Violence against reporters covering protests in Iraqi Kurdistan

Reporters Without Borders (RSF) condemns the flagrant lack of tolerance for opposition media in Iraqi Kurdistan, where the security forces harassed at least 60 journalists trying to cover anti-government protests in several of this autonomous region’s cities during the past weekend.

The brutality unleashed by the authorities against journalists and opposition media is unacceptable,” RSF’s Middle East desk said. “It shows a complete refusal to tolerate the political pluralism that should be reflected in the media, and a desire to suppress an unwanted popular protest.

The demonstrations held in Iraqi Kurdistan’s main cities on 6 August were called by New Generation leader Shaswar Abdalwahid to denounce “corruption, poverty and unemployment” and to demand elections. New Generation wants to be an alternative to the region’s two ruling parties, the Kurdistan Democratic Party (KDP) and the Patriotic Union of Kurdistan (PUK).

Violence was used to disperse not only protesters but also the journalists covering the protests. Metro Center, an NGO that defends journalists’ rights in Iraqi Kurdistan, told RSF that it registered a total of 78 violations against 60 journalists, that at least 26 journalists were detained, four were searched, 16 were prevented from covering the protests, eight were teargas

targets and 23 had equipment confiscated.

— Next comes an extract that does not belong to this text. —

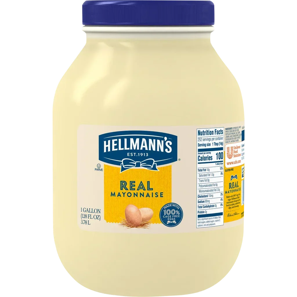 TL;DR: Hellmann's Real Mayonnaise in a 1-gallon foodservice jug. Made with 100% cage free eggs, gluten free, and Kosher (OU Pareve). 256 servings per container at 90 calories per tablespoon. Rich, creamy, and unmistakably Hellmann's — the #1 mayonnaise brand since 1913.

The security forces also shut down the office of Rast Media, a new online media outlet, on the day that it due to launch, which was 6 August.

Our staff had been undertaking all of the legal steps required to launch our media for about a month,” Rast Media founder Omed Baroshki said. “We had set the date of 6 August for the start of our media activities. That morning, members of the security forces burst in, prevented us from continuing our journalistic activities, and then closed our office.” This is not the first time that Baroshki has been targeted. He was jailed from August 2020 to February 2022 on a charge of “endangering national security.”

Sirwan Gharib, the editor of the independent news website Westga News, told RSF that he was detained by the Asayish (security forces) for several hours along with several colleagues in Sulaymaniyah.

Just after we arrived to cover the protests, a drone belonging to the Asayish filmed us from a very close distance in order to intimidate us,” Gharib said. “Later, we were all taken in a barred bus to the Asayish security centre, where they confiscated our mobile phones and treated us like criminals although covering the news is a fundamental right, not a crime.

Kurdistan’s leaders “continue to regard the political opposition and their media with hostility,” Metro Center director Rahman Gharib said. “They claim to be a democracy, but when political discord between them and the opposition intensifies and the opposition sees no alternative but street protests, opposition media outlets find themselves in prison.

Of the 26 journalists who were briefly detained, at least ten work for NRT, a TV channel owned by Abdalwahid, New Generation’s leader.